California resident Mario Echazabal, 56, was twice turned down for a job with oil giant Chevron which said that because he had Hepatitis-C the job would endanger his health.

At issue in Chevron U.S.A., Inc. v. Mario Echazabal, No. 00-1406, is whether individuals with disabilities like Hepatitis, HIV or other medical conditions have the right to determine for themselves whether to accept the risks of employment; and whether Chevron violated the Americans with Disabilities Act (ADA) when it used an employee’s disability as a reason for denying employment.

“”Mario Echazabal is qualified to perform the functions of the position he sought at Chevron,”” said Lenora Lapidus, Director of the ACLU’s Women’s Rights Project and co-author of the brief. “”An employer’s demand that the functions of a position be performed without risk to one’s health is the same paternalistic argument once used to keep women out of certain work environments.””

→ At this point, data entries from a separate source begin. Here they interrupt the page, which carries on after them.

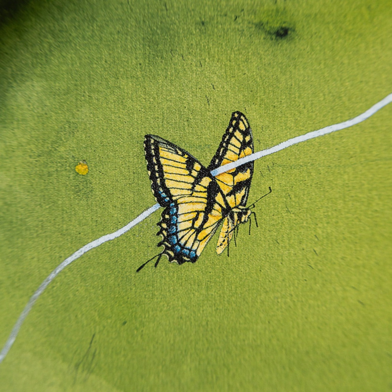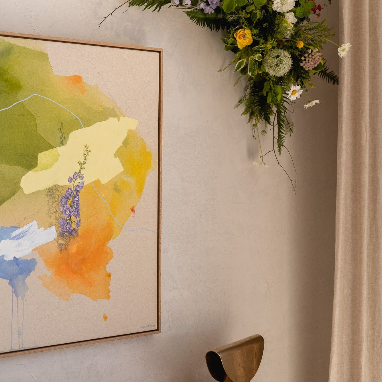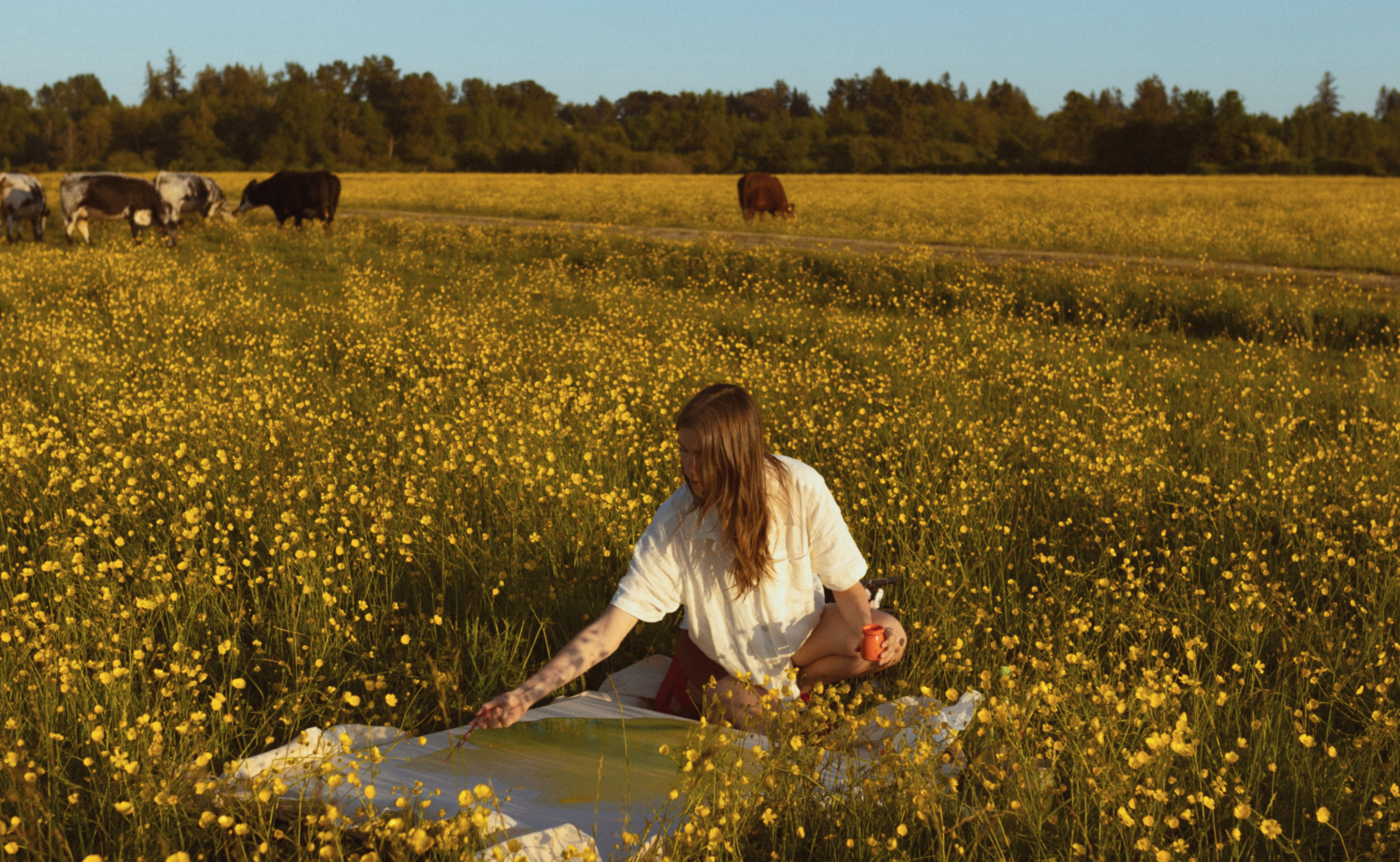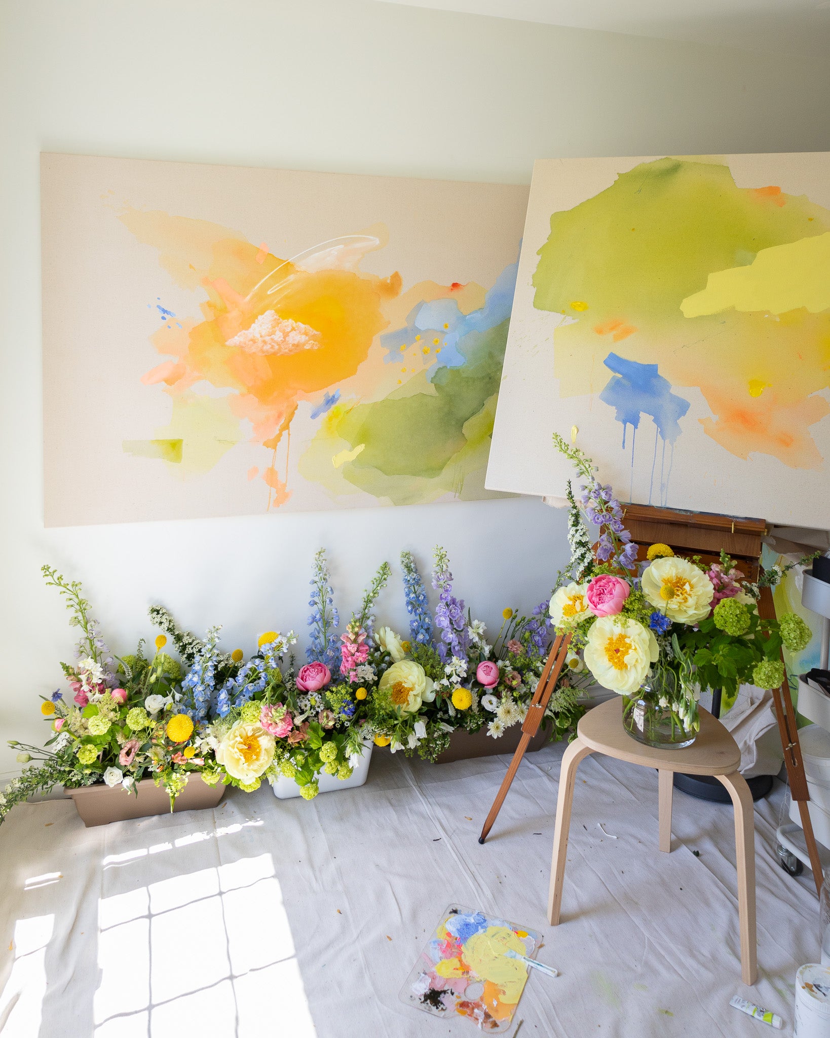 These paintings were born right outside my front door in the surrounding fields of my home. Buttercup petals, grass, and morning dew were all welcome to make their mark in my artworks as curious cows wandered by. I am extremely grateful to call this place home and I wanted these paintings to capture the peace, joy, and gratitude I feel during my frequent walks I take here to refocus and be present.
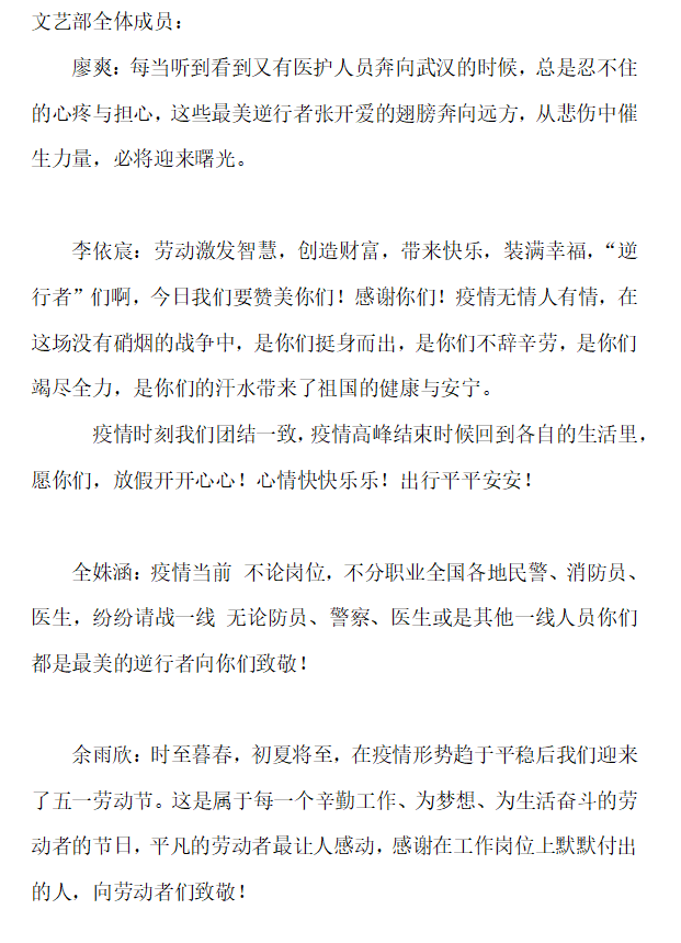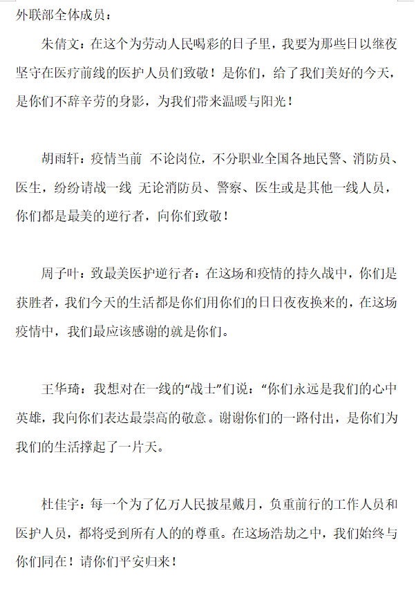 岁末年初,一场新冠肺炎疫情袭来,在这场疫情中有许多勇敢的劳动者,开始了他们的逆行出征。在五一劳动节这一天,龙8-long8(中国)唯一官方网站各位同学向最美“逆行者”们表达自己的感谢与问候!
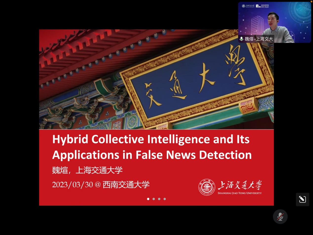 3月30日下午14点30分,上海交通大学安泰经济与管理学院魏煊助理教授应邀为冰球官网师生带来了题为“Hybrid Collective Intelligence and its Applications in False News Detection”的学术讲座。讲座由冰球官网信息系统与运营管理系刘盾教授刘盾教授主持,学院部分教师及研究生参与了此次学术活动。
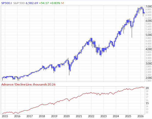 If the S&P 500 is rising, and the A/D line is rising, it is confirmation that the rally is strong and diversified.
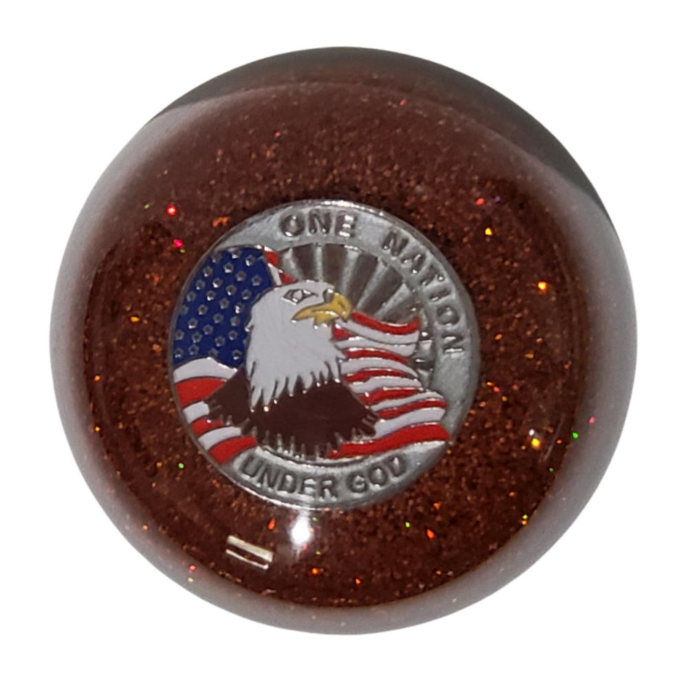 This "One Nation Under God" Shift Knob is ready for your ride. The lapel pin used certainly resembles a Quarter. The artwork includes an American Flag and Bald Eagle. The knob is 2.10 inches in diameter at the widest point and 1.85 inches at the top. The knob is 2.10 inches tall and weighs 3 1/2 ounces (99 grams).
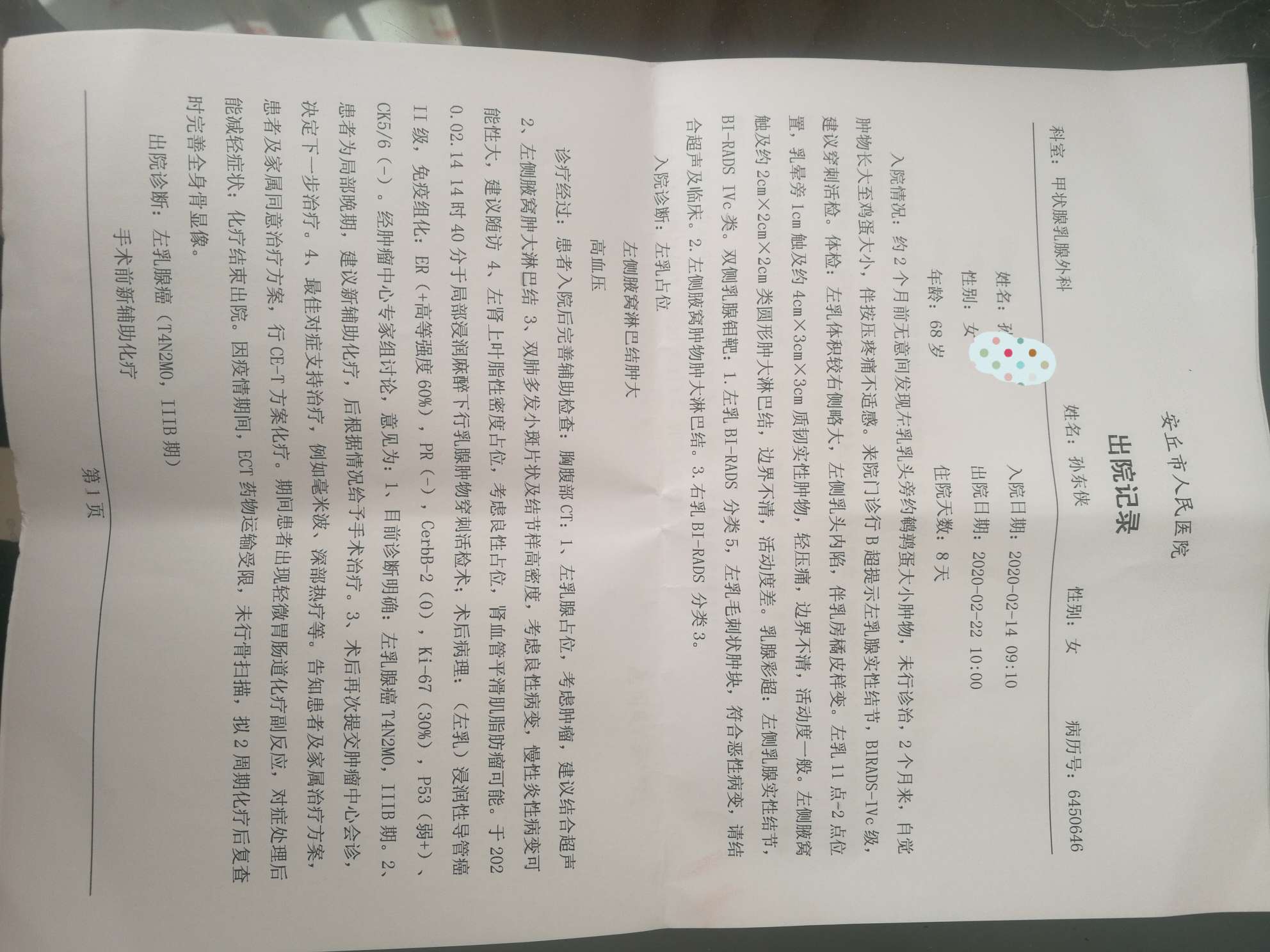 这是医生给的出院记录,已经打了一个疗程化疗,3月11日去打第二次化疗。这个方案合理吗?
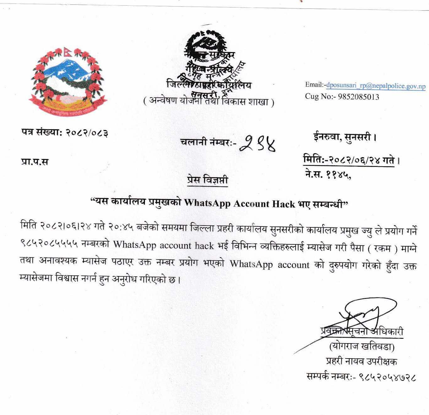जिल्ला प्रहरी कार्यालयका प्रवक्ता डीएसपी योगराज खतिवडाले सूचना जारी गर्दै भनेका छन्, ‘जिल्ला प्रहरी कार्यालय सुनसरीको कार्यालय प्रमुखज्यूले प्रयोग गर्ने ९८५२०८५५५५ नम्बरको ह्वाट्सएप एकाउन्ट ह्याक भई विभिन्न व्यक्तिहरूलाई म्यासेज गरी पैसा (रकम) माग्ने तथा अनावश्यक म्यासेज पठाएर उक्त नम्बर प्रयोग भएको ह्वाट्सएप एकाउन्टको दुरुपयोग गरेको हुँदा उक्त म्यासेजमा विश्वास नगर्न हुन अनुरोध गरिएको छ।’
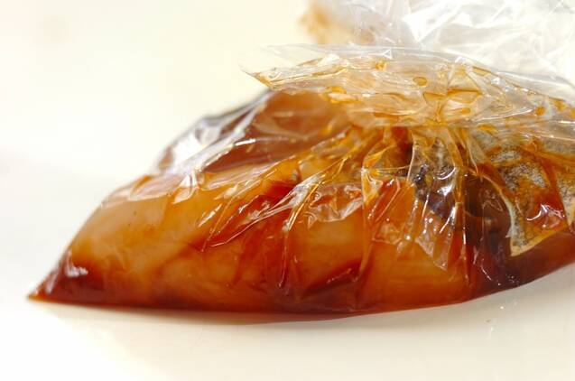 タラは骨があれば取り、ひとくち大に切り、<下味>の材料に30分程漬ける。揚げ油を170℃に予熱し始める。

Echazabal worked for many years at the coker unit of a Chevron refinery as an employee of various contractors. In 1992, he applied to work directly for Chevron in the same unit. Chevron offered Echazabal the job contingent upon the results of a pre-employment physical examination, and then denied him the job after a physical exam revealed he had Hepatitis-C, a condition that could worsen if he was continually exposed to solvents and chemicals in that particular unit.

In 1995 he again applied for the same position and again was denied because of his disability. This time, however, Chevron pressured the contractor for whom Echazabal worked to fire him.

A Ninth Circuit Court of Appeals decision handed down last year held that Chevron could not defend against a disabilities act discrimination claim by arguing that the position sought by Echazabal would harm his health. The Ninth Circuit also held that under the law this sort of defense is only permissible when a disabled individual presents a direct threat to the safety of others.